Here’s our list of 70 things to do before having children. For us, it’s simply about conquering as many life experiences as possible. We’re not quite there yet, but we’re getting closer. 😉
- Live in a high rise condo with an amazing view.
- Take a month long vacation on the opposite side of the world in a city with a completely different culture.
- Attend the Super Bowl live.
- Jump out of a perfectly good airplane.
- Make love in places you aren’t supposed to.
- Swim with the sharks.
- Scuba-dive to a large ship wreck.
- Audition to be on TV or in a movie… even if you’re just an extra.
- Throw the house party of all house parties. Supply all the booze and invite everyone you know.
- Take sexy photos of yourself (keep them somewhere safe).
- Learn to fly a plane.
- Become skilled with a musical instrument.
- Live in southern California for at least a year.
- Live in the heart of New York City, Chicago, Boston or another major city for at least a year.
- Spend a few weeks vacationing on the beaches of Kauai with your partner.
- Surf a Hawaiian wave.
- Learn to speak a foreign language.
- Visit the North Pole.
- Attend The Tonight Show or The Late Show as an audience member.
- Read at least 30 books.
- Jump off a cliff into a natural body of water in an exotic location.
- Go mountain climbing.
- Go deep sea fishing and learn to filet and cook your own fish.
- Go horseback riding on the beach with your partner.
- Drink warm beer out of a barrel in a real Irish pub.
- Spend a night pub-hopping in London.
- Stage dive and crowd surf at a rock concert.
- Take a set amount of money and hit the Blackjack and Craps tables in Las Vegas.
- Visit a high-end Las Vegas strip club.
- Embark on a month-long road trip across the country with 3 of your best friends.
- Ride a camel across a sandy desert.
- Go white water rafting.
- Go snowboarding in the Rockies.
- Get in great shape and enter some kind of fitness competition.
- Attain a solid understanding of how the government works in your country.
- Master one particular style of dance.
- Fall in love.
- Write a book… even if it’s short and never gets published.
- Drive through a (somewhat safe) portion of a third world country like Mexico or Costa Rica to gain perspective on what true poverty looks like.
- Go skinny dipping in a large body of water at midnight.
- Take a shower under a waterfall.
- Decide on your current life goals and write them down.
- Spend New Years Eve in Times Square.
- Go on a blind date (or a couple’s dinner date with new friends you hardly know).
- Sleep on the beach under the stars in Key West.
- Hit up Oktoberfest in Munich.
- Hit up Mardi Gras in New Orleans.
- Hit up Carnival in Rio de Janeiro.
- Experience Spring Break in all its glory in Cancun, Mexico or Panama City Beach, Florida.
- Catch a ride in a hot air balloon.
- Rent a fast sports car and speed down the Autobahn.
- Switch jobs until you find one you truly enjoy.
- Buy your first house.
- Own a convertible sports car.
- Hike the Grand Canyon.
- Attend a Red Sox vs.

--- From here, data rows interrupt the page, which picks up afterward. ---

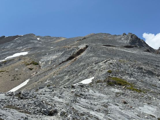 The grade petered out towards the end of this valley where the terrain resembles in the Rockies somehow. We stopped to fill up the water bottles and I made Erica and Seb to go ahead to tag the summit. I dragged my tired ass after taking a long break, but for the last 500 m elevation gain every step was a struggle. I eventually did drag myself to the summit but I basically used up all of the energy. I told the others to go to Matterhorn themselves, as I desperately needed to descend. Skipping a peak sucks and Matterhorn is the second highest peak in this range and only requires a couple kilometers of ridge walking, but I had to be realistic.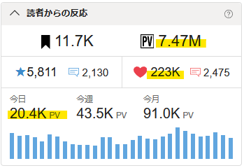累計747万PV、11700フォロワー、★5800、💗223kの実績を引っさげて、毎週火木土、絶賛公開中!✨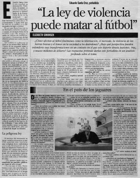 "La ley de violencia puede matar al fútbol" [artículo] Elizabeth Simonsen.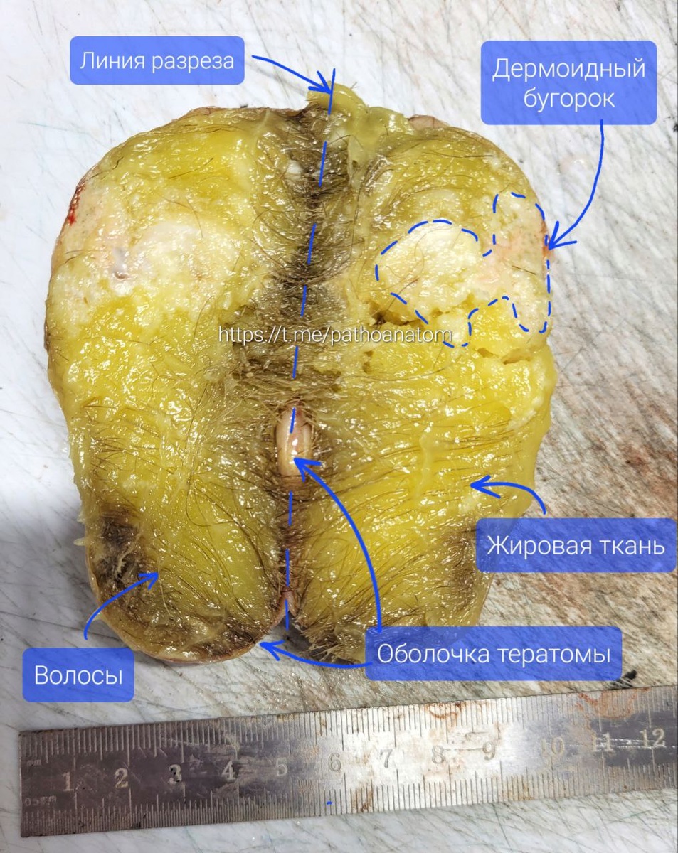 Сегодня хочу показать вам тератому из яичника, которая недавно попалась мне на вырезке. Герминогенные опухоли – новообразования из первичных половых клеток эмбриональных гонад и их производных, из трёх зародышевых листков – эктодермы, эндодермы и мезодермы. К доброкачественным герминогенным опухолям можно отнести и зрелую тератому. По строению она чаще всего представляет собой дермоидную кисту, заполненную чаще всего жировой тканью и волосами. На внутренней поверхности на стороне ткани яичника есть дермоидный бугорок, в котором локализуются все компоненты тератомы – в основном производные эктодермы: волосы, кожа, зубы; могут быть производные мезодермы: жир, костная, хрящевая ткань, мышечные волокна, а также структуры из нервной ткани. ⬆️ На фото обведен более плотный белый участок, в котором мы как раз и ожидаем увидеть все компоненты данной тератомы. 📈 В целом чаще всего тератомы растут медленнно и бессимптомно, обнаруживаются на УЗИ случайно. Однако, т.к. происходят они из половых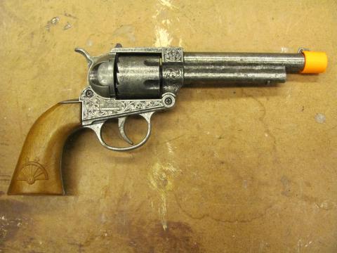 Bar Code 02-01-01-0004 Starter pistol, hand gun, metal with wooden handle, Made in Italy by Edison Giocattoli Location Weapons Cabinet - Scene Shop Dimensions 10" x 4 1/2" Item Keywords gun starter pistol hand gun weapon weaponry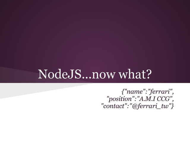 NodeJS...now what? {"name":"ferrari", "position":"A.M.I CCG", "contact":"@ferrari_tw"}

Yankees game in Fenway Park.
- Spend a whole day making love without every leaving the house.
- Learn to make one mixed cocktail like a pro bartender.
- Run a marathon.
- Stand up in front of a large audience and tell a great joke.
- Shoot a gun.
- Swim across the English Channel.
- Bicycle ride down a mountain road.
- Learn to sail a sailboat.
- Learn the basics of a martial art.
- Visit the Amazon Rainforest.
- Bare all on a nude beach.
- Master one really cool magic trick.
- Master a few fancy dinner recipes.
- Finish up your formal education (but continue learning).
What’s on your list?
Also, check out these books for more awesome bucket list ideas:
- This Book Will Change Your Life
- 2Do Before I Die: The Do-It-Yourself Guide to the Rest of Your Life
- 100 Things to Do Before You Die: Travel Events You Just Can’t Miss
Photo by: Dawvon
Dave says
Maybe I am jaded because I already have kids. But a lot of these things can get done while you have children, they are just more complicated!
Kids should be viewed as part of the “journey” of life and not as a hindrance to things you want to get done. Because if you look at it that way, people would never have kids (and it is kind of a selfish viewpoint).

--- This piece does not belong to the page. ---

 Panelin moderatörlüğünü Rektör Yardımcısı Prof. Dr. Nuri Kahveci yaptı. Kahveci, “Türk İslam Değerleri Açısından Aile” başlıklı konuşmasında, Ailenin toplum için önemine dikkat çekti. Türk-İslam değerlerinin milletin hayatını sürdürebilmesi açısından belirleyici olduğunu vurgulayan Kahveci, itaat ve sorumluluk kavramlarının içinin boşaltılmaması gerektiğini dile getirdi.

On the flip side, it is important to set and achieve your goals, regardless of children.
Anyway, this is a good “bucket list”!
Glen Allsopp says
I recommend this one very highly:
Take a month long vacation on the opposite side of the world in a city with a completely different culture.
I spent 3 weeks in Vietnam and it was one of the most life-changing times of my life. You realise there is so much more to the world than wherever you are now.
Great list guys, submitted to stumbleupon!
Cheers,
Glen
Marc says
@Dave: Our stand on this issue deals with exactly what you stated… Once you have kids, life is a bit more complicated. Many of these things could be achieved after having children, but we feel it’s much easier to acomplish them ahead of time.
@Glen: Thanks Glen! 😉
Steve Olson says
I haven’t done half this stuff and I already have kids. What should I do now? I know! Do it anyway! Take the little buggers along for the ride.
sevenjobs says
Talk to your friends, enjoy to speak a whole sentence until its end, spend time with your friends, phone as long as you can. These things are IMPOSSIBLE with kids.
dredawg says
Ok all these things SOUND great, and SOME of them are free, but the vast majority involve 2 things that I do not have in abundance, that is money and time.
It must be great for people who live in ivory towers to suggest such lofty things, but get real, unless daddy is rich and is willing to foot the bill the bill, the harse reality is you get a job you hate, a girl you settle on, and rent to pay every goddamn month. Buy a house? are you freakin’ kidding me?
Chris - Zen to Fitness says
Thanks for the list really cool stuff on there!
Living in california is one of my many goals for the next few years…..
Marc says
@Steve Olson: If you have kids already… go for it! 😉 They may slow ya down a little, but it’ll be worth the extra effort.
@sevenjobs: LOL!
@dredawg: That’s a pretty negative take on life. Also, mommy and daddy have nothing to do with it. The freedom to travel involves making your own money and budgeting it appropriately.
ramblinrose says
Life doesn’t end when you have kids! I agree that some of these would be irresponsible to do if you were a parent (the life-threatening ones), but I know tons of people who do amazing, fun things as families.
proofpositivity says
Good luck on the list. A lot of these things I would never do with my kids. Like the bare on a nude beach. Then again, I wouldn’t do it without kids either. 🙂
j-bar03 says
@sevenjobs
You forgot to add having an uninterrupted bath; eating food while it is still hot; just browsing in shops….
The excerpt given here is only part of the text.